A decisão do juiz federal Djalma Moreira Gomes, da 25ª Vara Cível Federal de São Paulo, foi anunciada ontem. O parecer que dá suporte à portaria foi assinado pelo general de brigada Eugênio Paccelli, que integrava a Diretoria de Fiscalização de Produtos Controlados do Exército. Acontece que o oficial entrou para a reserva em 31 de março, e o documento foi assinado 15 dias depois. A publicação oficial saiu 22 dias após a exoneração do militar da corporação.

Ilegalidade
Ao Correio, Ivan Valente afirmou que a saída de Pacelli criou um vácuo administrativo e que Bolsonaro exigiu do ministro da Defesa, general Fernando Azevedo e Silva, e do então ministro da Justiça, Sergio Moro, que apressassem o documento. "Isso foi muito grave. Fizemos uma ação popular em São Paulo e a Vara Federal colocou para Bolsonaro se pronunciar. O general tinha sido exonerado há mais de 20 dias. Havia um vácuo. E Bolsonaro pediu que fizessem a portaria de qualquer jeito, aumentando o número de munições. Eles saíram correndo atrás e o ato não tem legalidade. Estamos pedindo nulidade. É positivo que a Justiça tenha acionado o governo e a AGU a respeito dessa ilegalidade. Moro era contra, mas estava com a relação com Bolsonaro agravada pela intervenção da PF e não quis comprar a briga", relatou.
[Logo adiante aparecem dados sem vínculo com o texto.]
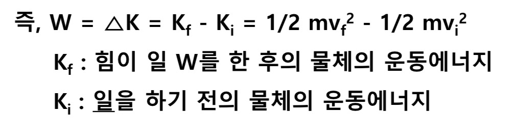 - 물체의 운동에너지 변화 = 물체에 작용하는 힘이 한 일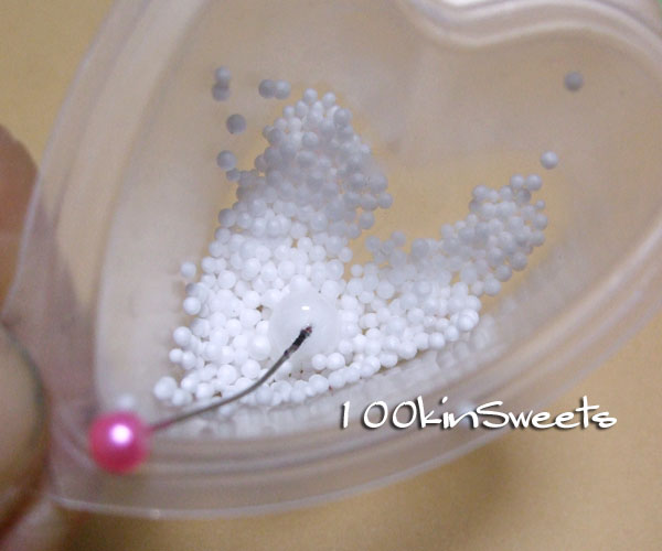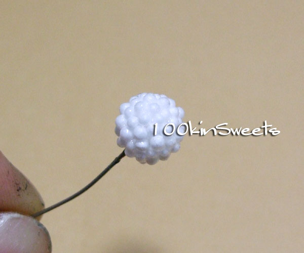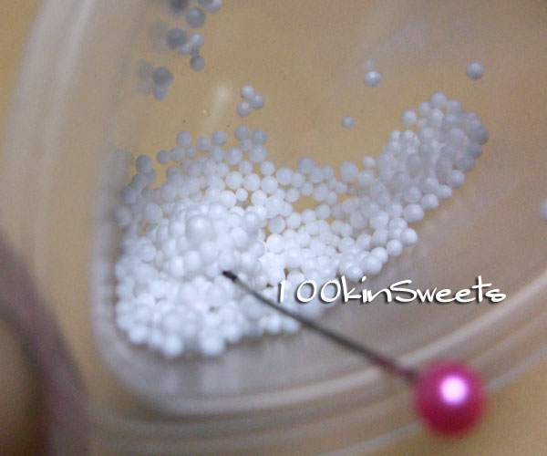 1. ビックサイズラズベリーで使ったしっかり発砲ビーズを針に刺します。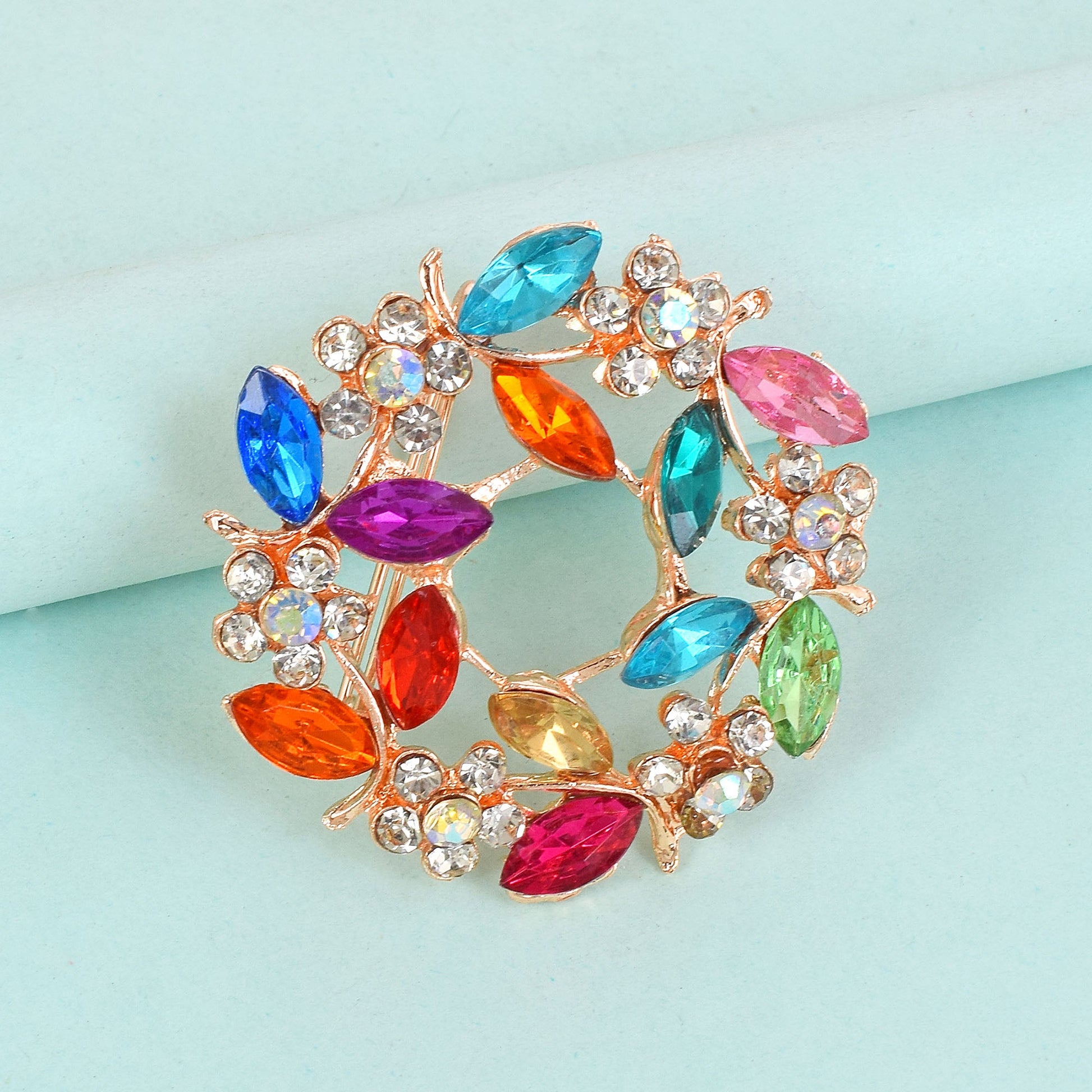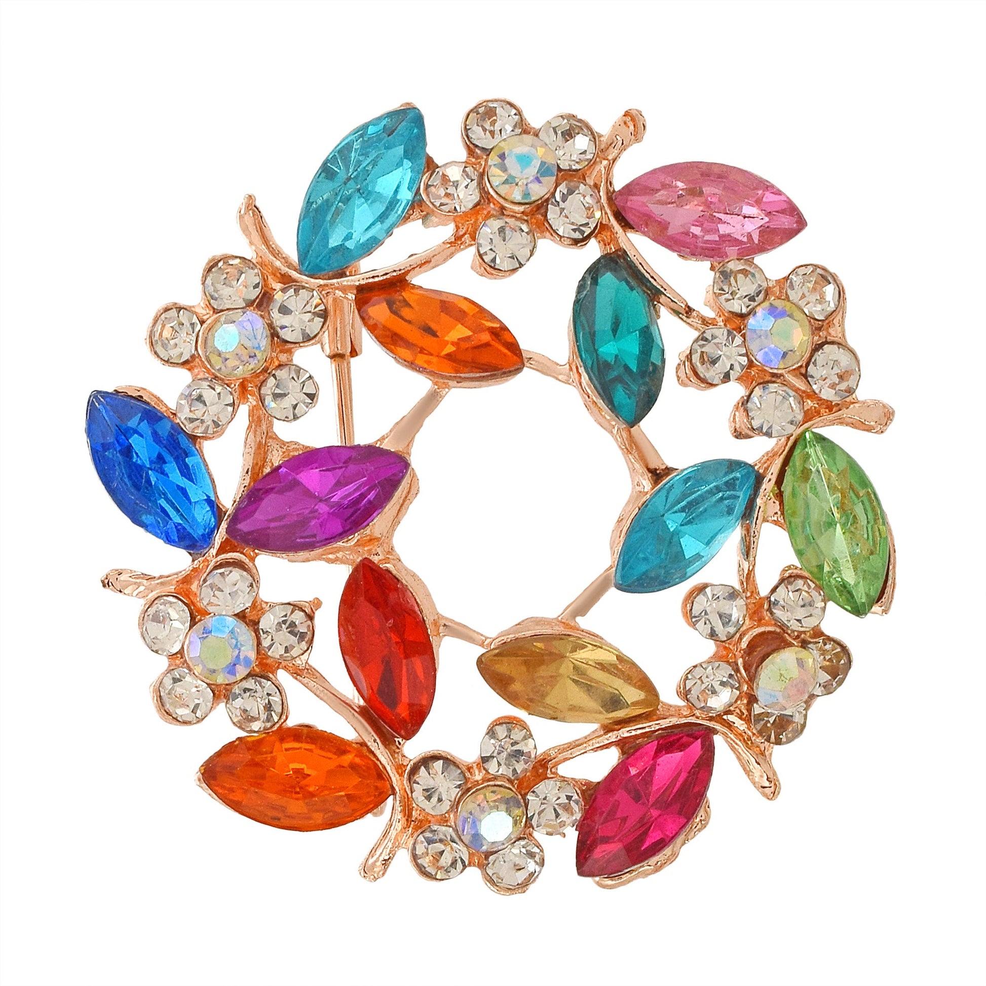 Brass Pink Rose Goldplated Colourful Cubic Zirconia Fashion Sareepin / Brooch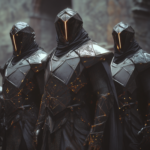 three men wearing highly detailed geometrically shaped armor stand heroic and imposing. Their armor slightly glows with magic, and the geometric shapes of the armor twist in impossible shapes. Highly detailed. Cinematic quality. Dynamic lighting and scene. Highly realistic.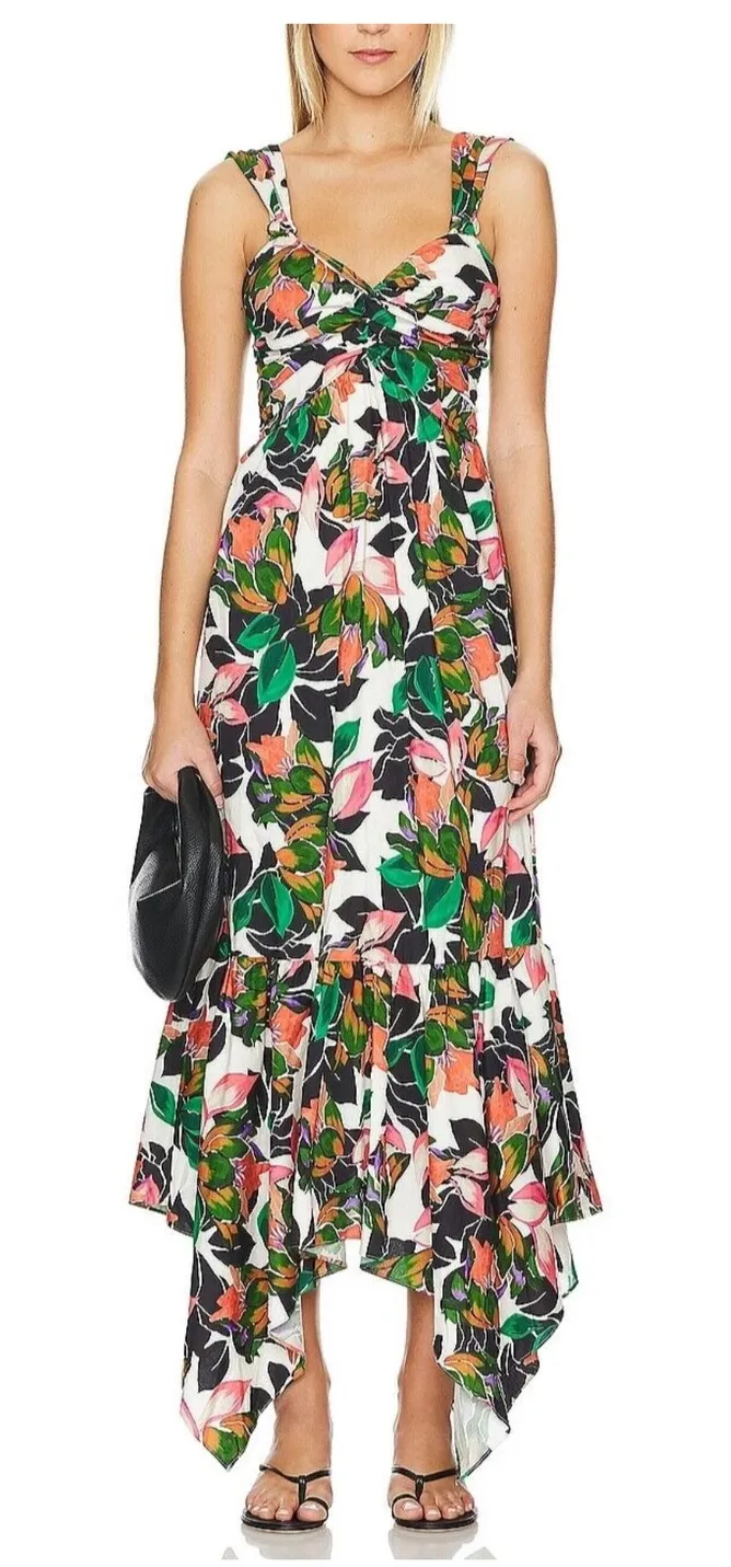 The new Esperanza dress is a head-turning silhouette cut from a gorgeous Las Palmas printed cotton poplin in a vibrant tropical palette that will take you from this season to the next. A flattering sweetheart neckline features a ruched bodice and wide ruched straps. A flattering squared back features a hidden back zip closure. This ankle-grazing mermaid silhouette is finished with a flounce hem. Pair with everything from flat sandals to strappy heels.  Made in the USA Dry Clean 98% Cotton 2% Spandex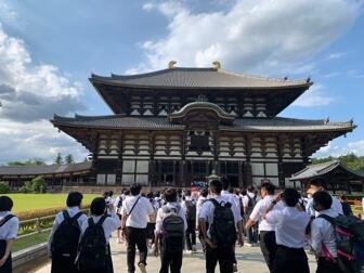 どの生徒も、奈良の大仏の迫力に感動していました。また、奈良公園の鹿たちとも触れ合ってきました。

O texto possibilita um aumento de munição por pessoa habilitada ou agente da segurança pública de 200 por ano para 550 por mês. Pesa contra o governo, ainda, a denúncia do jornal Estado de São Paulo, que revelou a elaboração do parecer do militar em tempo recorde, em uma mensagem curta enviada por e-mail, com cerca de três linhas, segundo o periódico.

"No momento, cabe esclarecer que a Procuradoria Regional da União da 3ª Região (PRU3) — que integra a AGU — aguarda subsídios dos órgãos envolvidos para apresentar, em nome da União, a respectiva manifestação processual. Até o momento, não foi determinada pelo juiz a citação do presidente da República", informou, por e-mail, a AGU.